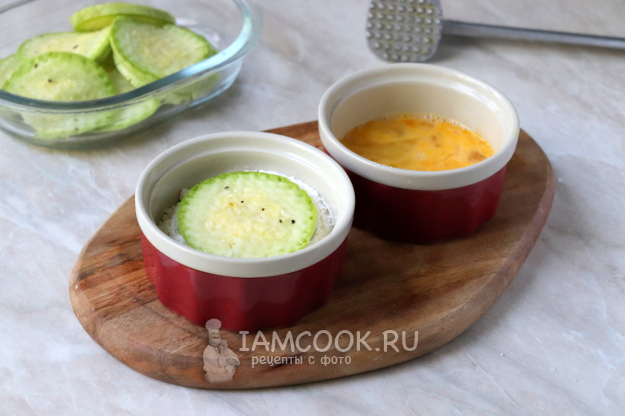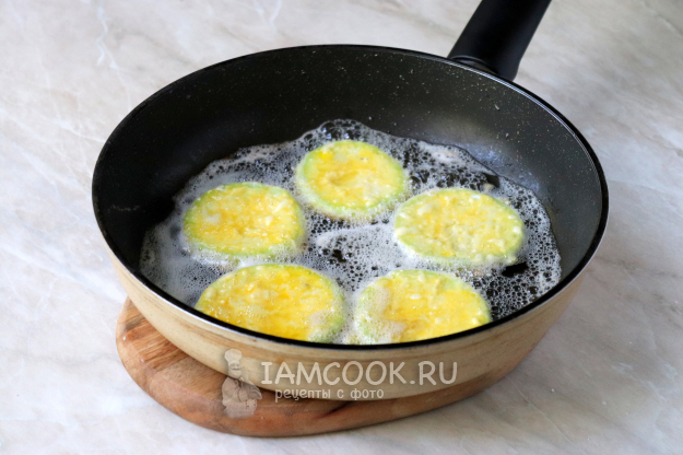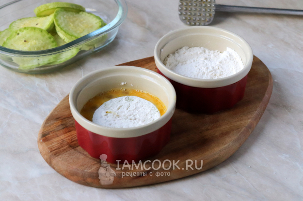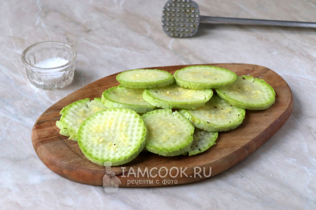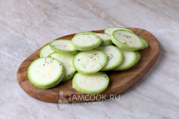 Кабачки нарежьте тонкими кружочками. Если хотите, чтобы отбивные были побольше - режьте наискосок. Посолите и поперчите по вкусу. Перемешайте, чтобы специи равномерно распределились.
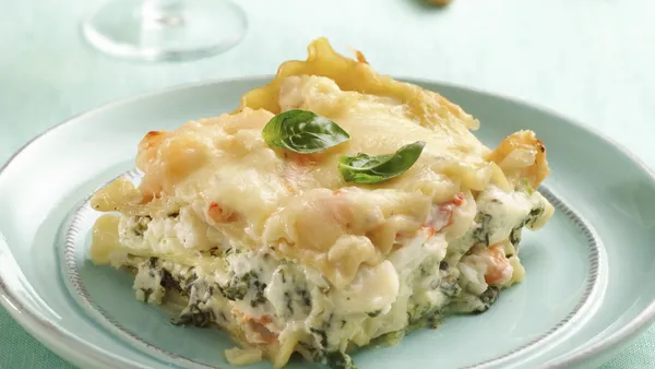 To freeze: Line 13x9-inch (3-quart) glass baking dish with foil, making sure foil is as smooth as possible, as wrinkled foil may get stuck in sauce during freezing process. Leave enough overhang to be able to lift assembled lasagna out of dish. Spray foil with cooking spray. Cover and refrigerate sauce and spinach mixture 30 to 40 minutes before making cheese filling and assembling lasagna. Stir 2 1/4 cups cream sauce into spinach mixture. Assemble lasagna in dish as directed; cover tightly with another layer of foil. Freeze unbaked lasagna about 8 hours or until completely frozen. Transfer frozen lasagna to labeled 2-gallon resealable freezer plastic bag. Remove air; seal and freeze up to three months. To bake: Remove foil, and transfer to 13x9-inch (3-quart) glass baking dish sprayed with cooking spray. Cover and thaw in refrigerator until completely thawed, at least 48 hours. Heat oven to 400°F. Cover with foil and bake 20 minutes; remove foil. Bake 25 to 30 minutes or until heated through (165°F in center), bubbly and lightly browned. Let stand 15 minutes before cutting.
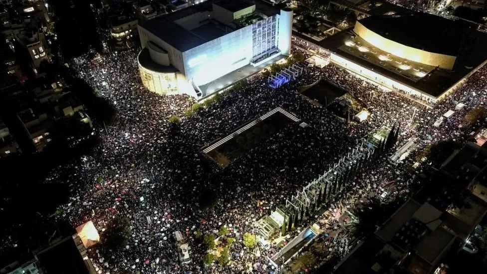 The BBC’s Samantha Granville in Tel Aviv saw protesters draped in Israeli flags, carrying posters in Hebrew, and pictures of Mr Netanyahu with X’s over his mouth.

==

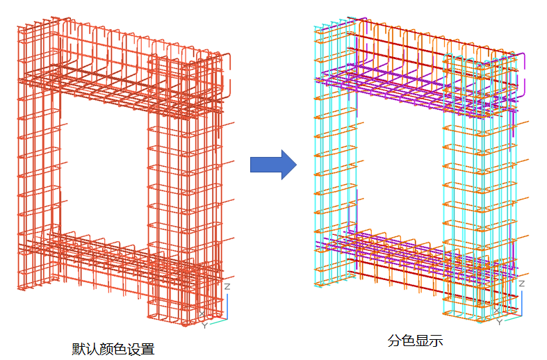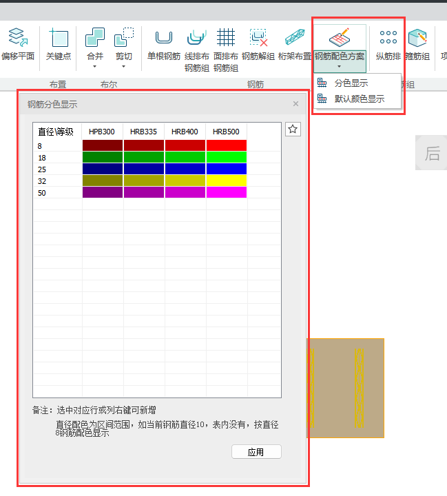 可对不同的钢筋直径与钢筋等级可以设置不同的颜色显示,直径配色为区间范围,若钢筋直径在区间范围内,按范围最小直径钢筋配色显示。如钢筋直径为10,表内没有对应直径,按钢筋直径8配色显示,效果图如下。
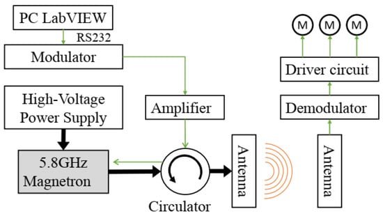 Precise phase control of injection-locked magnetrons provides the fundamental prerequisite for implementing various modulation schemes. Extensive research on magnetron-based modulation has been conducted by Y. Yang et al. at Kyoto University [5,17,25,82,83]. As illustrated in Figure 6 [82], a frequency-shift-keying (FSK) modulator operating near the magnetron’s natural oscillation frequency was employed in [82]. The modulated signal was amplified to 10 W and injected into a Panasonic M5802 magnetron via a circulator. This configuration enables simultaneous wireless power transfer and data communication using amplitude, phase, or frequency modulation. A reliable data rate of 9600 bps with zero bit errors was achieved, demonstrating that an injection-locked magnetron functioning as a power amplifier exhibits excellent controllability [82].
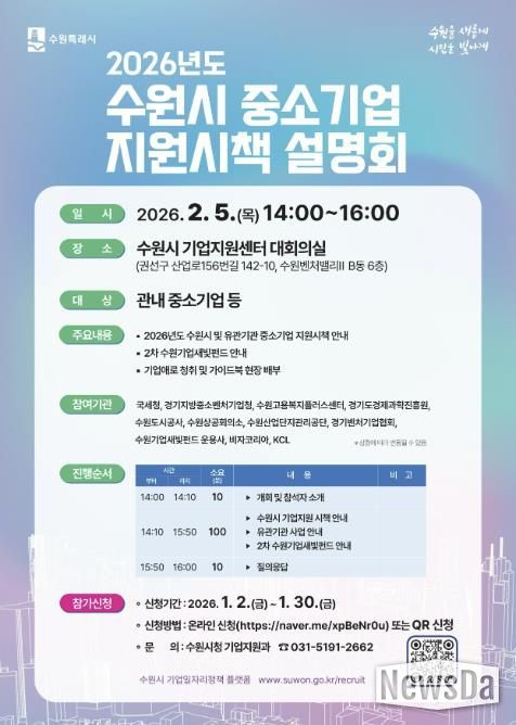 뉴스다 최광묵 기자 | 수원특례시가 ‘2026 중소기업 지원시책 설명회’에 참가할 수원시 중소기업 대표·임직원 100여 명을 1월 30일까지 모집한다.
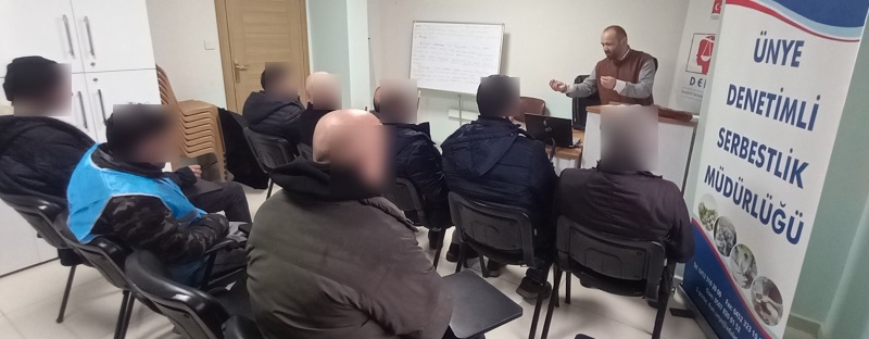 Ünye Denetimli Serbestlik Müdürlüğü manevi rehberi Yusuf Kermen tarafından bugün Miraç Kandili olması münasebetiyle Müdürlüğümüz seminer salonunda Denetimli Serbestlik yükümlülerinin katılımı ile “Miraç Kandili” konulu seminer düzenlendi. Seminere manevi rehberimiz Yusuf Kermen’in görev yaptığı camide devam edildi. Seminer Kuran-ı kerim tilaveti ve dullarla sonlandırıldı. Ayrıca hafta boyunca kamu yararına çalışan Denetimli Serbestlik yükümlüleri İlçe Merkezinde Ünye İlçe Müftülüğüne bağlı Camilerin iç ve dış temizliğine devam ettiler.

Goal of the exercise –
Restate word for word the lines of the data above that begin at the line with "Кабачки нарежьте тонкими" and end at the line with "The BBC’s Samantha", keeping both ends and dropping every picture.

Output for this exercise –
 Кабачки нарежьте тонкими кружочками. Если хотите, чтобы отбивные были побольше - режьте наискосок. Посолите и поперчите по вкусу. Перемешайте, чтобы специи равномерно распределились.
 To freeze: Line 13x9-inch (3-quart) glass baking dish with foil, making sure foil is as smooth as possible, as wrinkled foil may get stuck in sauce during freezing process. Leave enough overhang to be able to lift assembled lasagna out of dish. Spray foil with cooking spray. Cover and refrigerate sauce and spinach mixture 30 to 40 minutes before making cheese filling and assembling lasagna. Stir 2 1/4 cups cream sauce into spinach mixture. Assemble lasagna in dish as directed; cover tightly with another layer of foil. Freeze unbaked lasagna about 8 hours or until completely frozen. Transfer frozen lasagna to labeled 2-gallon resealable freezer plastic bag. Remove air; seal and freeze up to three months. To bake: Remove foil, and transfer to 13x9-inch (3-quart) glass baking dish sprayed with cooking spray. Cover and thaw in refrigerator until completely thawed, at least 48 hours. Heat oven to 400°F. Cover with foil and bake 20 minutes; remove foil. Bake 25 to 30 minutes or until heated through (165°F in center), bubbly and lightly browned. Let stand 15 minutes before cutting.
 The BBC’s Samantha Granville in Tel Aviv saw protesters draped in Israeli flags, carrying posters in Hebrew, and pictures of Mr Netanyahu with X’s over his mouth.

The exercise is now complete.